В этой системе была своя прелесть, однако она становилась все менее практичной. Большое количество названий – например, RHinelander или SYcamore – приводило к путанице, особенно если у человека было плохо с грамматикой. Буквы также затрудняли прямой набор цифр из-за границы: иностранные телефоны не всегда выпускались с буквами, или буквы и цифры там были расположены в другом порядке. Поэтому начиная с 1962 года старую систему набора телефонных номеров постепенно упразднили. Сегодня буквы служат лишь в качестве мнемонической символики, позволяя абоненту лучше запомнить номер: к примеру, BUY-PIZZA (то есть 289-74-992) или FLOWERS (356-93-77).

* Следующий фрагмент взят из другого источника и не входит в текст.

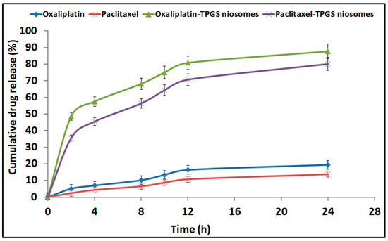 The release pattern of Oxaliplatin–TPGS niosomes and Paclitaxel–TPGS niosomes in comparison with the free drugs is shown in Figure 4. Both drugs were released from the prepared niosomes at a higher rate than their free drugs. For Oxaliplatin–TPGS niosomes, 87.5 ± 1.99% was released after 24 h compared to 19.4 ± 1.76% from the free drug. For Paclitaxel–TPGS niosomes, 80.81 ± 2.98% was released after 24 h compared to 14.77 ± 0.98% from the free drug. The High EE% and small particle size of the prepared niosomes may be the reason for higher drug release from the prepared niosomes in addition to the hydrophilicity of the TPGS outer shell. The small vesicles size partitions the drug in nanosized particles (<300 nm). In addition, the presence of the surfactant as TPGS, which has a high HLB value and high concentration, facilitated the penetration of release medium to the niosomes surface and into the cores, thus improving the drug release pattern.
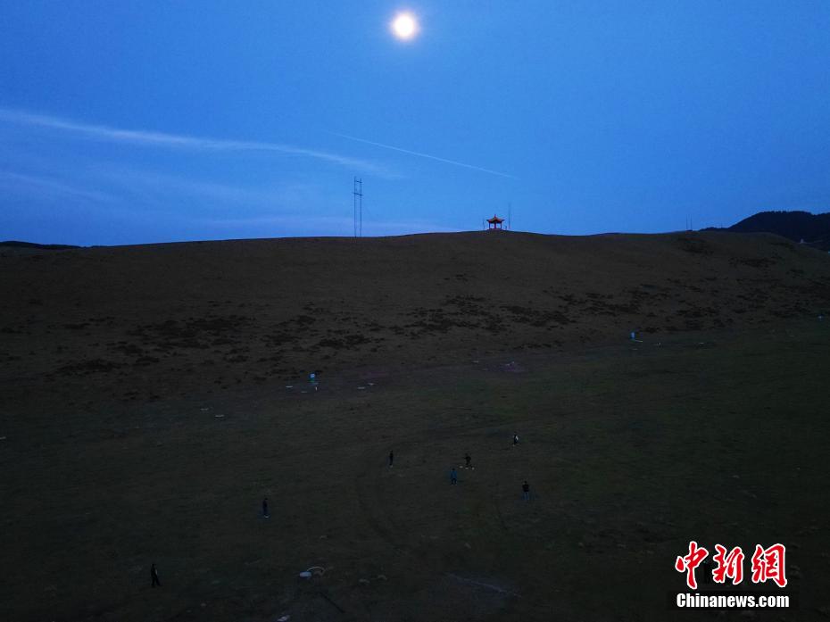 10月15日晚,在甘肅省甘南藏族自治州合作市一牧場內,甘南九二聯隊足球隊員在月下訓練。該隊隊員因為都在不同地方工作,所以長期自我尋找草場、牧區等近場地訓練,高原草場是他們訓練的一大優勢。
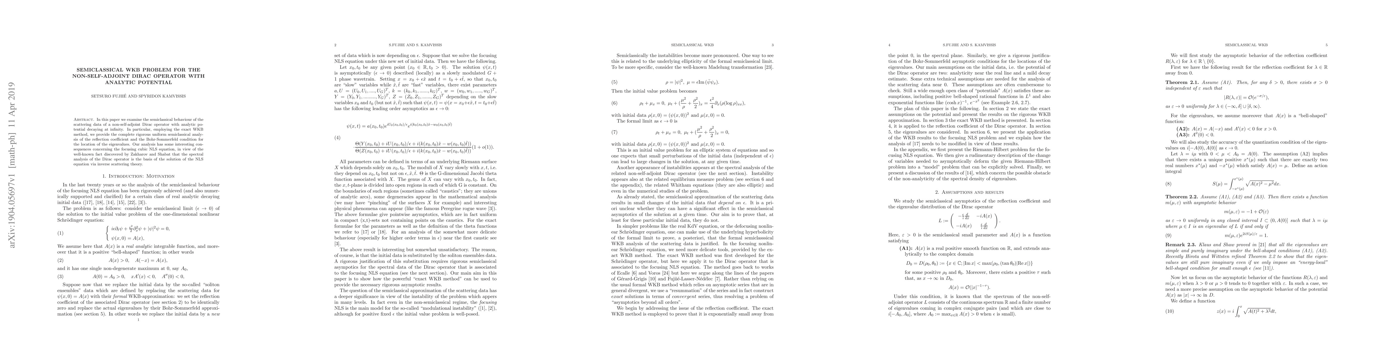 This paper rigorously analyzes the semiclassical scattering data of a non-self-adjoint Dirac operator with an analytic potential, using the exact WKB method to derive the reflection coefficient and Bohr-Sommerfeld condition for eigenvalues, with implications for the focusing cubic NLS equation via inverse scattering theory.
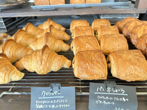 パリパリ生地のクロワッサン(210円)とチョコレートが入ったパンオショコラ(260円)に
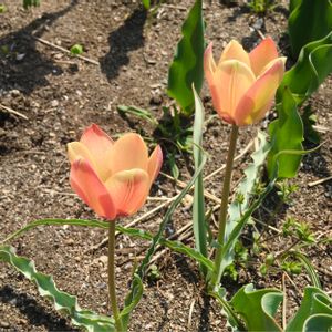 チューリップ🌷 手前のアニカ、葉っぱ開いた‼️ 小型のチューリップやから、こんなんなんか⁉️葉の形がいきなりかわいい‼️ 奥のハッピーアップスター 斑入り葉っぱって事やってんけど、柄ついてるわ。楽しみすぎる‼️ もしかしたら一球でーへんぽいけど、小型のチューリップもすくすく育ってます🌷
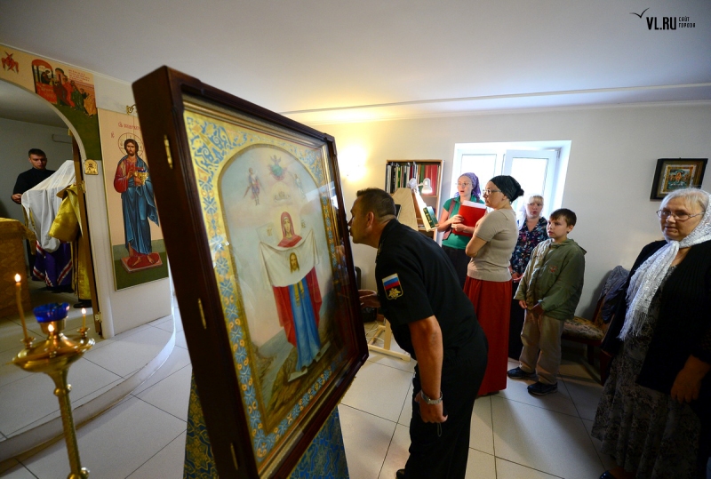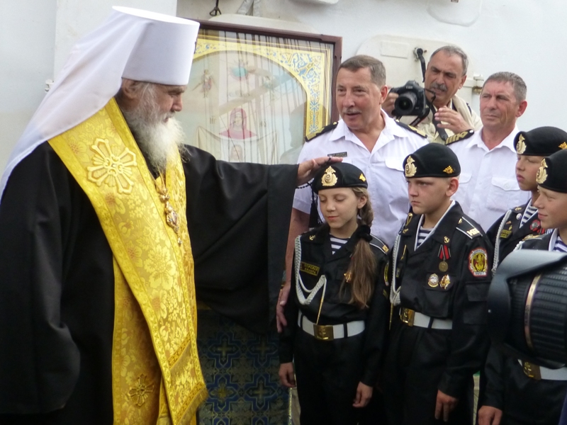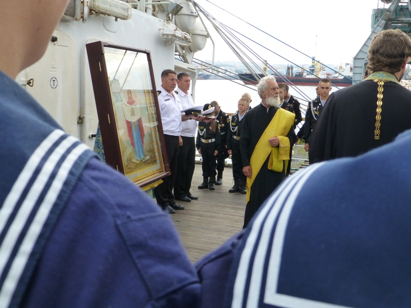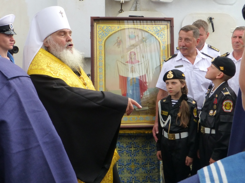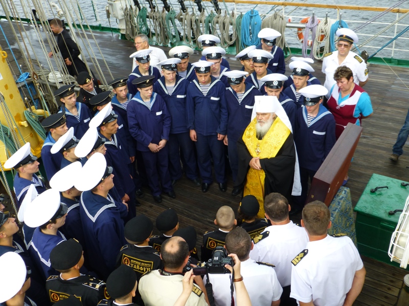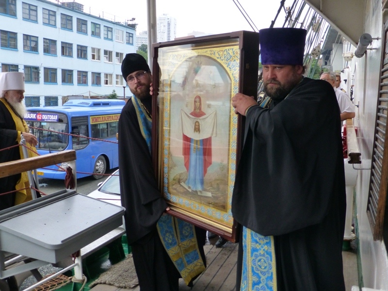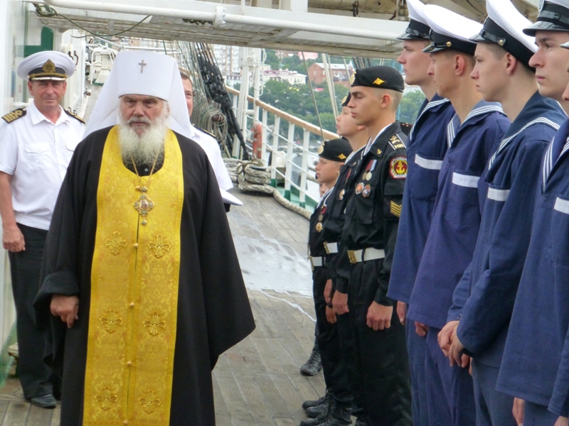 Фрегат «Паллада» с курсантами, юнгами и кадетами, священником и иконой на борту отправился в морской крестный ход. Морской поход посвящен 70-летию окончания Второй мировой войны и 110-летию окончания русско-японской войны. молебен по случаю отправки морского Крестного хода. Торжественное богослужение в часовне на месте будущего Порт-Артурского Морского храма и проводы иконы в поход провел митрополит Владивостокский и Приморский Вениамин. |

Что касается нашего пасторского дома, то мы не знаем, когда телефон здесь появился впервые, но его установка наверняка была большим радостным событием для безвестного священника, жившего здесь в начале XX века. Сегодня ниша для телефона пустует. Времена, когда в доме имелся всего один телефонный аппарат и стоял он у подножия лестницы, канули в Лету. Сегодня никому не хочется болтать по телефону в таком неуютном месте.
III
Для многих американцев новая эра богатства означала возможность предаваться самым странным хобби. Так, Джордж Истмен из фирмы «Кодак», занимавшейся производством пленки и фотокамер, жил в громадном доме в Рочестере, штат Нью-Йорк, со своей матерью, но держал много прислуги, в том числе домашнего органиста, который будил его – и, предположительно, большинство остальных жителей Рочестера – с помощью утреннего концерта, исполняемого на гигантском органе. Еще одна причуда Истмана заключалась в том, что на втором этаже его дома располагалась его личная кухня, где он собственноручно и с удовольствием пек пироги.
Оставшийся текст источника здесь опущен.